WHAT YOU ARE ASKED TO DO: Within the listing that follows, reproduce exactly the lines starting at the line with "Photograph of a" and ending at the line with "注意,这里说的9mm手枪弹指", inclusive, and only those. Pictures are dropped.

SUPPLIED RECORDS:
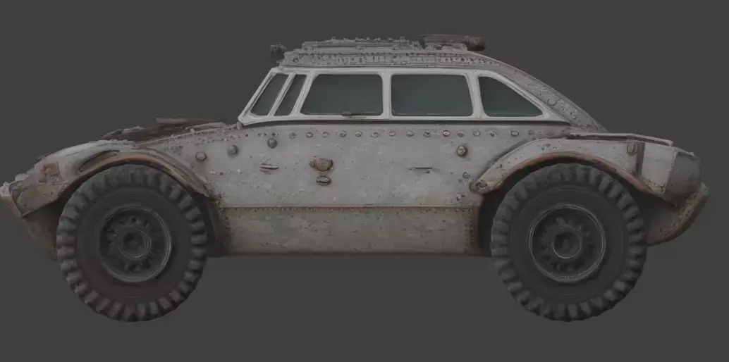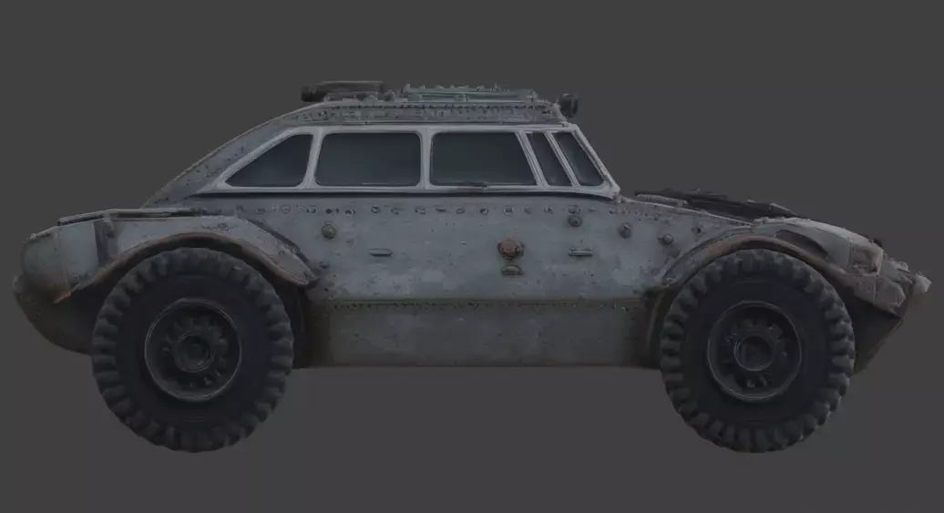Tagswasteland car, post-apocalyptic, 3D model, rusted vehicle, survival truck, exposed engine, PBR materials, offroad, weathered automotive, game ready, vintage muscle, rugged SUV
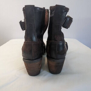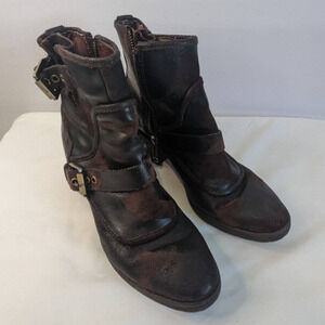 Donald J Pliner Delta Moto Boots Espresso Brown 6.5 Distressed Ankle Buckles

...

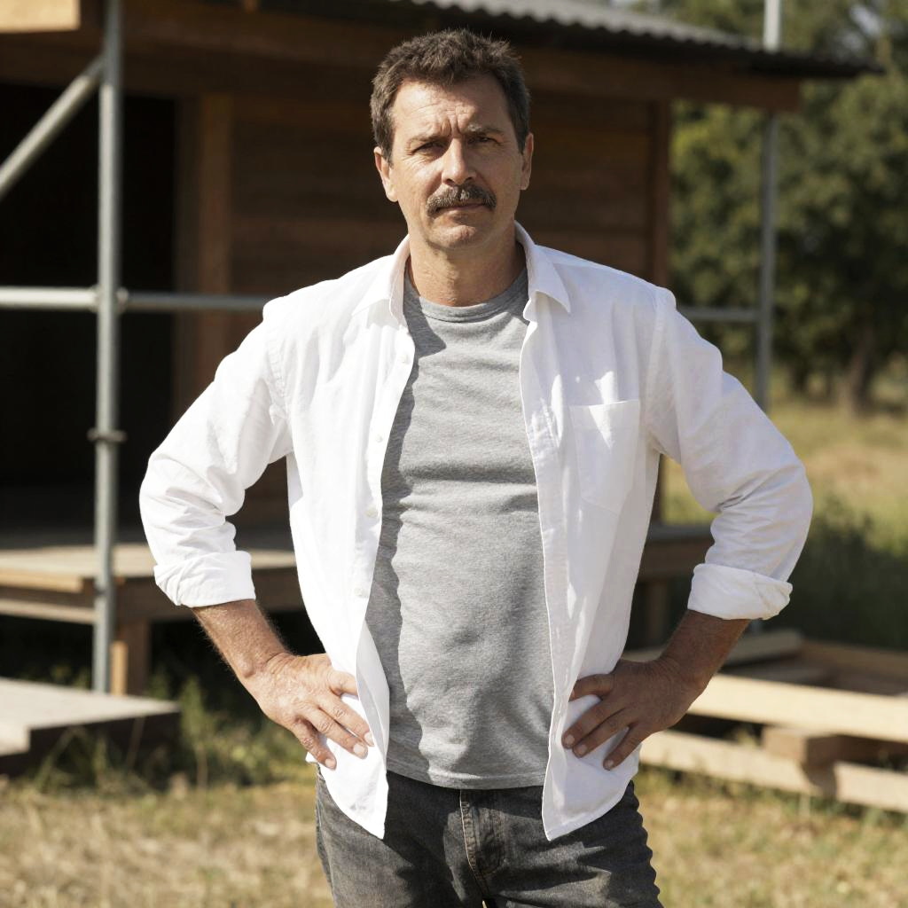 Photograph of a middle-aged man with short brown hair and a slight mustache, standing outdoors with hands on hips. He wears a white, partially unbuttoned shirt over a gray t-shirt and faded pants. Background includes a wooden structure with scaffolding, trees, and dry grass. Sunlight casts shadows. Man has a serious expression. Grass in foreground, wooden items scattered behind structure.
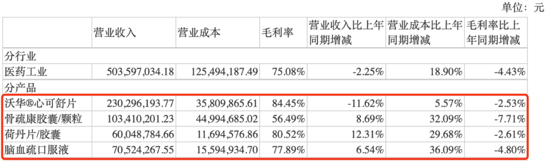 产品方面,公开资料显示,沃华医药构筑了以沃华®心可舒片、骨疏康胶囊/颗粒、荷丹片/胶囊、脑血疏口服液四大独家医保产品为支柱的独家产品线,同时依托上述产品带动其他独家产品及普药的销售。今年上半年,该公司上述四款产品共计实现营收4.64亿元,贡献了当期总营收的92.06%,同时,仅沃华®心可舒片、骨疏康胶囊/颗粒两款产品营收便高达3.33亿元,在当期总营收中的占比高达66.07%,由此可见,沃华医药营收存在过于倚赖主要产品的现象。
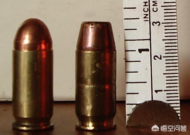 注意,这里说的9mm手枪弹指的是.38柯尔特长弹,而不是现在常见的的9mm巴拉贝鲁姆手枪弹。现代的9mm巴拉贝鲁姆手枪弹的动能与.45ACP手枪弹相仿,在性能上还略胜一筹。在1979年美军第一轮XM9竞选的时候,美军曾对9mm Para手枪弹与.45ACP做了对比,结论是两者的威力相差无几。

TASK SOLUTION:
 Photograph of a middle-aged man with short brown hair and a slight mustache, standing outdoors with hands on hips. He wears a white, partially unbuttoned shirt over a gray t-shirt and faded pants. Background includes a wooden structure with scaffolding, trees, and dry grass. Sunlight casts shadows. Man has a serious expression. Grass in foreground, wooden items scattered behind structure.
 产品方面,公开资料显示,沃华医药构筑了以沃华®心可舒片、骨疏康胶囊/颗粒、荷丹片/胶囊、脑血疏口服液四大独家医保产品为支柱的独家产品线,同时依托上述产品带动其他独家产品及普药的销售。今年上半年,该公司上述四款产品共计实现营收4.64亿元,贡献了当期总营收的92.06%,同时,仅沃华®心可舒片、骨疏康胶囊/颗粒两款产品营收便高达3.33亿元,在当期总营收中的占比高达66.07%,由此可见,沃华医药营收存在过于倚赖主要产品的现象。
 注意,这里说的9mm手枪弹指的是.38柯尔特长弹,而不是现在常见的的9mm巴拉贝鲁姆手枪弹。现代的9mm巴拉贝鲁姆手枪弹的动能与.45ACP手枪弹相仿,在性能上还略胜一筹。在1979年美军第一轮XM9竞选的时候,美军曾对9mm Para手枪弹与.45ACP做了对比,结论是两者的威力相差无几。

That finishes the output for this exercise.